Тут на какое-то мгновенье замешкалась даже находчивая Лиза: нечем было утешить старика, потому что чего тень на плетень наводить - из-за отца, из-за его упрямства столько мук, столько голода и холода приняли его сыновья.

- Пойдем-ко лучше домой, Евсей Тихонович, - сказал Петр и стал поднимать старика.

- Помнит, помнит меня! - опять чисто по-детски, бурно возрадовался Евсей. - Евсей Тихонович... А нет, - он топнул ногой в валенке, - к вам пойдем! Вот мое слово. Раз Евсей Тихонович, то и угощенье как Евсею Тихоновичу.

- Нет, к нам не пойдем! - сказала Лиза. - Тверезой будешь - в любой час, в любую минуту приходи, а пьяному у меня делать нечего.

- И не пустишь? - спросил Евсей.

- И не пущу! - без всякой заминки ответила Лиза.

Старик пришел в восторг:

- Ну, ну, как мне по уму да по сердцу это! Не пущу... А ты думаешь, я не помню твоего добра-то? Я вернулся, ребятушки, оттуда, не будем говорить откуда (ноне все позабыто, на всем крест), - меня двоюродная сестрица Марфа Павловна и на порог не пущает: я на радостях - снова дома - бутылку в сельпо опорожнил. "Десять ден тебе епитимья. Вода да хлеб, а местожительство срубец на задах..." И вот вскорости после того тебя, Лизавета Ивановна, встречаю. Помнишь, какие слова мне сказала?

- Где помнить-то? - искренне удивилась Лиза, - У меня язык без костей сколько я слов-то за день намелю?

- А я помню. - Евсей всхлипнул. - Иду опять же с сельпа, хлебца буханочка под мышкой, а навстречу ты. Увидала меня, возле лужи у сельсовета маюсь, сапожонки что решето, как бы, думаю, исхитриться с ногой сухой пройти. Увидала: "Чего ходишь как трубочист, людей пугаешь? Пришел бы ко мне, у меня баня сегодня, хоть вымылся бы..." А я, правда, правда, ребята, как трубочист. Может, два месяца в бане не был, а весна, солнышко, землица уже дух дала... Ну я тогда уревелся от радости, всю ночь плакал, в слезах едва не утонул...

- Надо было не слезы лить, а в бане вымыться, - наставительно сказала Лиза и улыбнулась.

Тут на дорогу из седловины от совхозной конторы вылетел запыленный грузовик, и Лиза замахала рукой: сюда, сюда давай!
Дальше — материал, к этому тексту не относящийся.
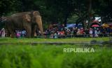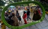 Sejumlah pengunjung memadati Taman Margasatwa Ragunan di Jakarta, Ahad (1/1/2023). Taman Margasatwa Ragunan tersebut masih menjadi tujuan wisata yang diminati warga Jakarta dan sekitarnya pada Libur awal tahun baru 2023. Walau sejak pagi dilanda hujan yang cukup awet tidak menyurutkan warga untuk tetap berlibur. (FOTO : Republika/Prayogi)
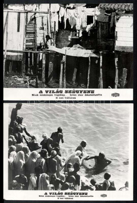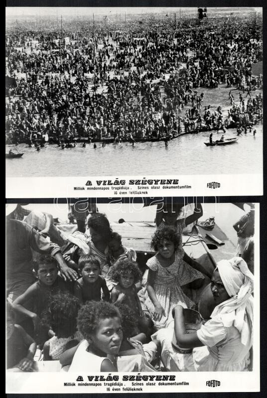cca 1972 ,,A világ szégyene - milliók mindennapos tragédiája" című olasz dokumentumfilm jelenetei és szereplői, 13 db vintage produkciós filmfotó ezüst zselatinos fotópapíron, a használatból eredő (esetleges) kisebb hibákkal, 18x24 cm
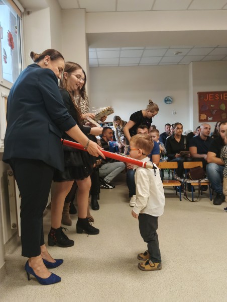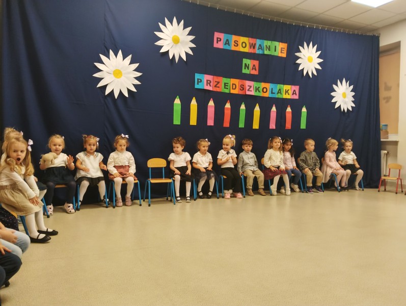 Po pierwszym publicznym wystÄpie pani dyrektor Agnieszka Brodala pasowaĹa kaĹźde dziecko na przedszkolaka i wspĂłlnie z przedstawicielem Rady RodzicĂłw p. SmÄtek wrÄczyĹy dzieciom pamiÄ tkowy dyplom i upominek.
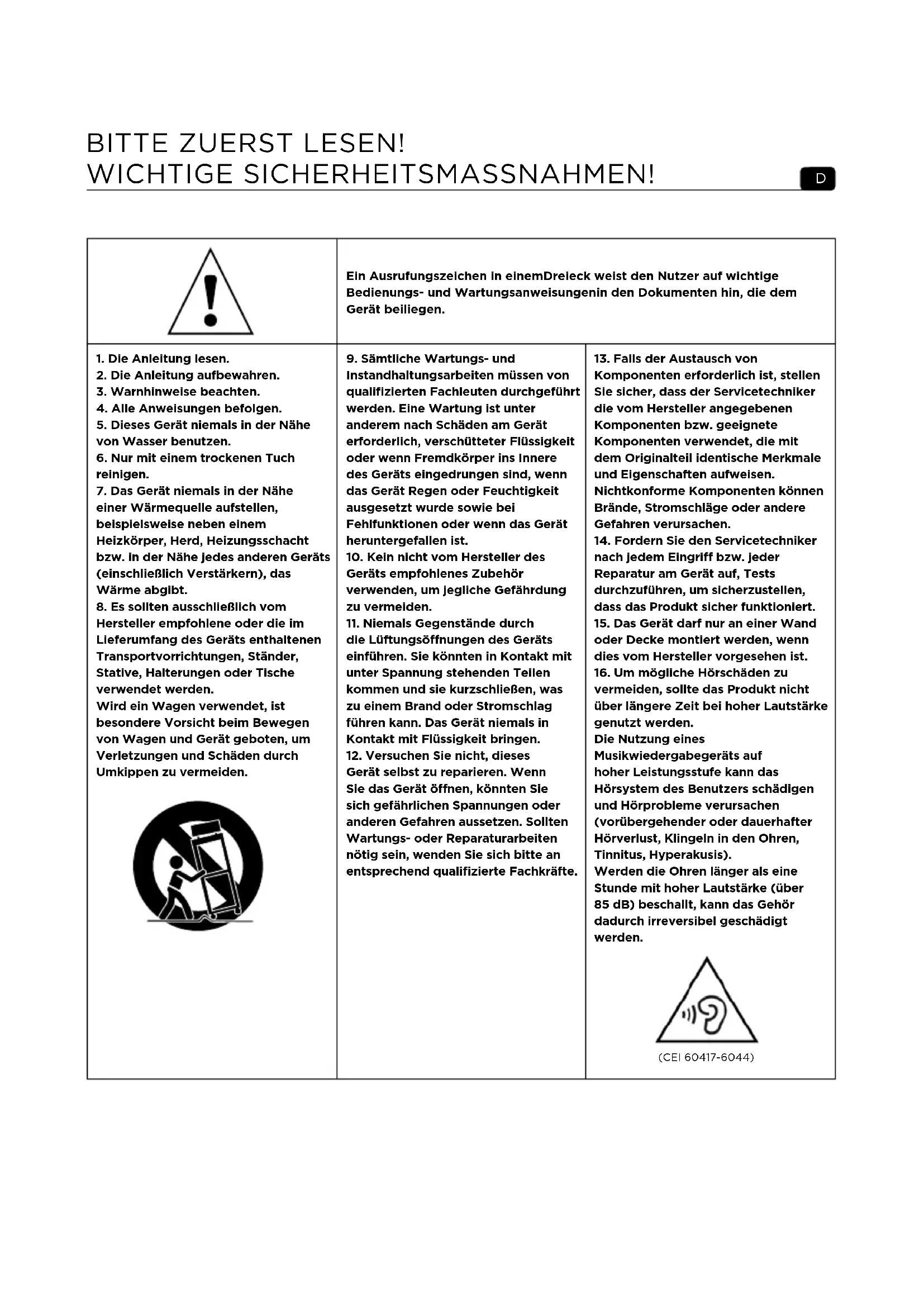 Ein Ausrufungszeichen in einemDreieck weist den Nutzer auf wichtige Bedienungs- und Wartungsanweisungenin den Dokumenten hin, die dem Gerät beiliegen.
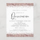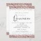 Um valor para o alternativo do ORÇAMENTO em tamanho menor de 4,5 x 5,6" de semirbrilho de 110 lbs, que é de espessura semelhante a um cartão postal (no entanto, não é adequado para uso como cartão postal). POR FAVOR, OBSERVE QUE HÁ UM convite por folha. Convidado de Quinceañera, rosa Dourado Glitter Border. As bordas elegantes de confete de falso Rosa dourado estão no topo e no fundo e também no verso. Quinceañera é feita no estilo moderno da caligrafia. Personalize facilmente o resto do texto para você.
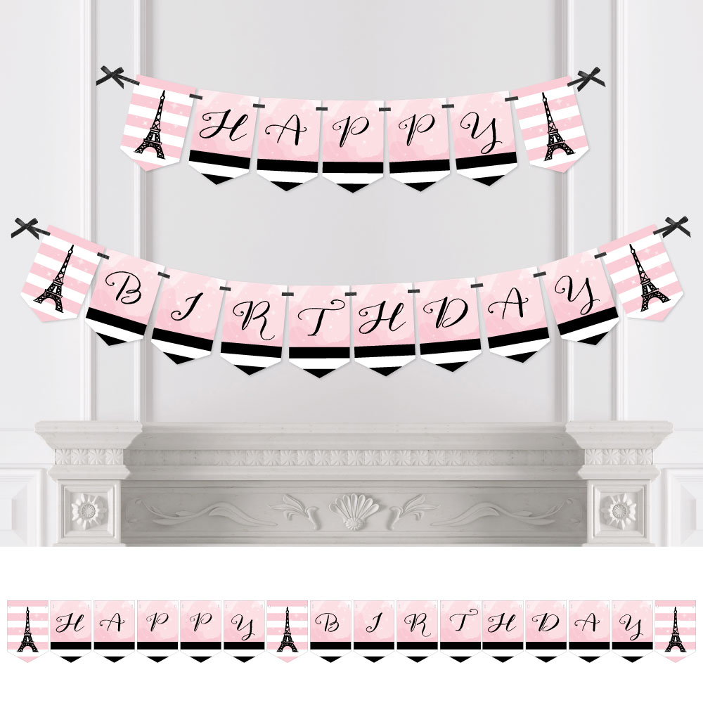 Big Dot of Happiness Paris, Ooh La La - Birthday Party Bunting Banner - Pink Party Decorations - Happy Birthday
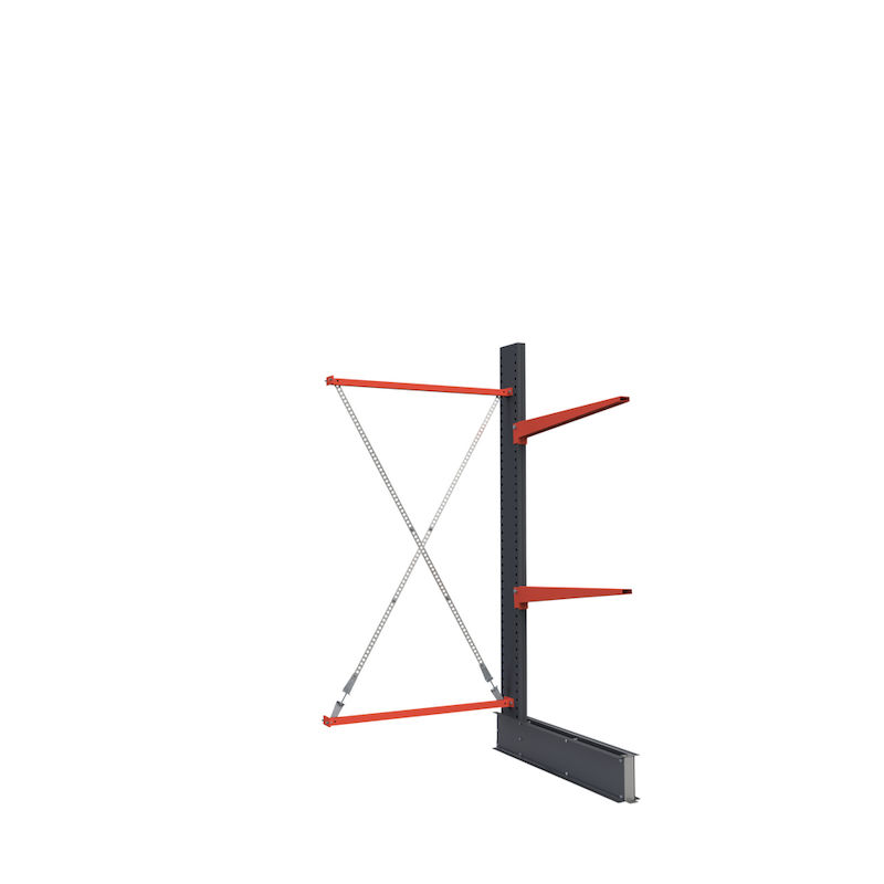 Ulokehylly Attillo, yksipuolinen, KxL 2500 x 2000 mm, varsi 1000 mm, jatko-osa. Ulokehylly, mukana telineet, jalat, varret, pitkittäis- ja ristituet sekä betoniruuvit lattia-asennukseen.

Машина подъехала.

Из кабины выскочил смазливый черноглазый паренек, туго перетянутый в поясе и сразу видно - форсун: темные волосы по самой последней моде, до плеч, и на промасленном мизинце красное пластмассовое кольцо в виде гайки.

- Чего, мама Лиза?

- Куда едешь-то? В какую сторону?

- На склад, - парень махнул в сторону реки, - за грузом.

- Ну дак по дороге, - сказала Лиза и кивнула на Евсея, которого поддерживал Петр. - Отвези сперва этот груз.

Старик заупрямился. Нет, нет, не поеду домой! Сегодня праздник, законно гуляю. Но разве с Лизой много наговоришь?

- Будет тебе смешить людей-то! - строго прикрикнула. - Хоть бы вечером вылез, все куда ни шло, а то на-ко, молодец выискался - середь бела дня кренделя выписывать. Вези! - сказала она шоферу.

И вот живо раскрыли задний борт у грузовика, живо притихшего, присмиревшего старика ввалили в кузов, и машина тронулась.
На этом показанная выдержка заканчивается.